§ Problem to solve
All lines from the one holding "Ниже приведена информация" to the end of the listing are to be output exactly, both ends included, with any pictures left out.

Data excerpt Block Start

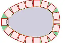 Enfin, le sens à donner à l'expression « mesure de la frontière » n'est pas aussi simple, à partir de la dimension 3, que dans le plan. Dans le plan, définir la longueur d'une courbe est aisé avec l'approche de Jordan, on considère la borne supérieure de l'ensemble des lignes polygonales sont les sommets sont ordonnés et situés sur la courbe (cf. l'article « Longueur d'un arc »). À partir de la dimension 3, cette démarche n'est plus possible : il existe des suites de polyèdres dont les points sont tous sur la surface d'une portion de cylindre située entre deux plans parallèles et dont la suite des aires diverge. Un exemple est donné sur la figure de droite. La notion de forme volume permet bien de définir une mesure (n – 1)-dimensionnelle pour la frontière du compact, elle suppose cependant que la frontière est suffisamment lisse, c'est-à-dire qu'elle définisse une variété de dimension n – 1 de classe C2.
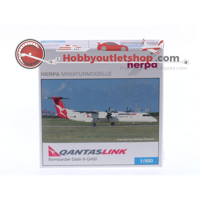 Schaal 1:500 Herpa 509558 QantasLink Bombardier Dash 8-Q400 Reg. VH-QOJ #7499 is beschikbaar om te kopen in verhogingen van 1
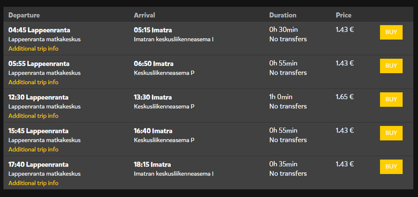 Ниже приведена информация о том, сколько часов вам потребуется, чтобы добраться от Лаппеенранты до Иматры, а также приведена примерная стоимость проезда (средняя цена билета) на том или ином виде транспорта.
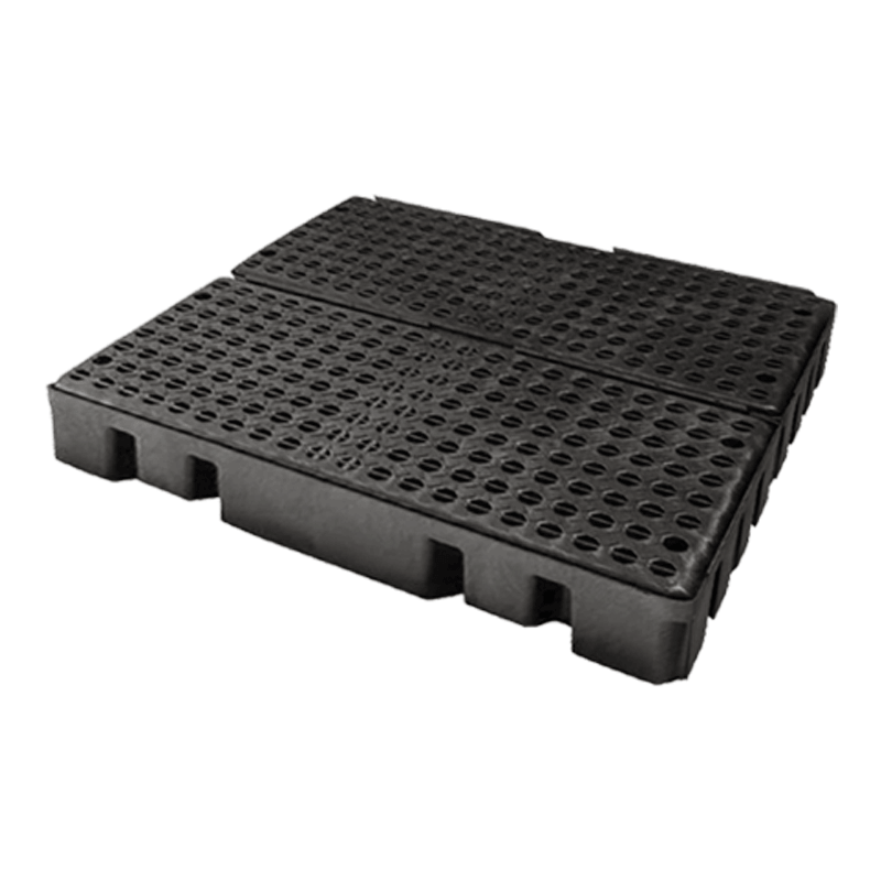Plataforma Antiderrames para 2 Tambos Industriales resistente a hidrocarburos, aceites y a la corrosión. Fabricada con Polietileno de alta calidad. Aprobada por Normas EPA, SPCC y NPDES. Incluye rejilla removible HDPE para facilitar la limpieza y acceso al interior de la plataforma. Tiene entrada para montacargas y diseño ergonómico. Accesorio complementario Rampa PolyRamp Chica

Data excerpt Block End

§ Response for this exercise
 Ниже приведена информация о том, сколько часов вам потребуется, чтобы добраться от Лаппеенранты до Иматры, а также приведена примерная стоимость проезда (средняя цена билета) на том или ином виде транспорта.
Plataforma Antiderrames para 2 Tambos Industriales resistente a hidrocarburos, aceites y a la corrosión. Fabricada con Polietileno de alta calidad. Aprobada por Normas EPA, SPCC y NPDES. Incluye rejilla removible HDPE para facilitar la limpieza y acceso al interior de la plataforma. Tiene entrada para montacargas y diseño ergonómico. Accesorio complementario Rampa PolyRamp Chica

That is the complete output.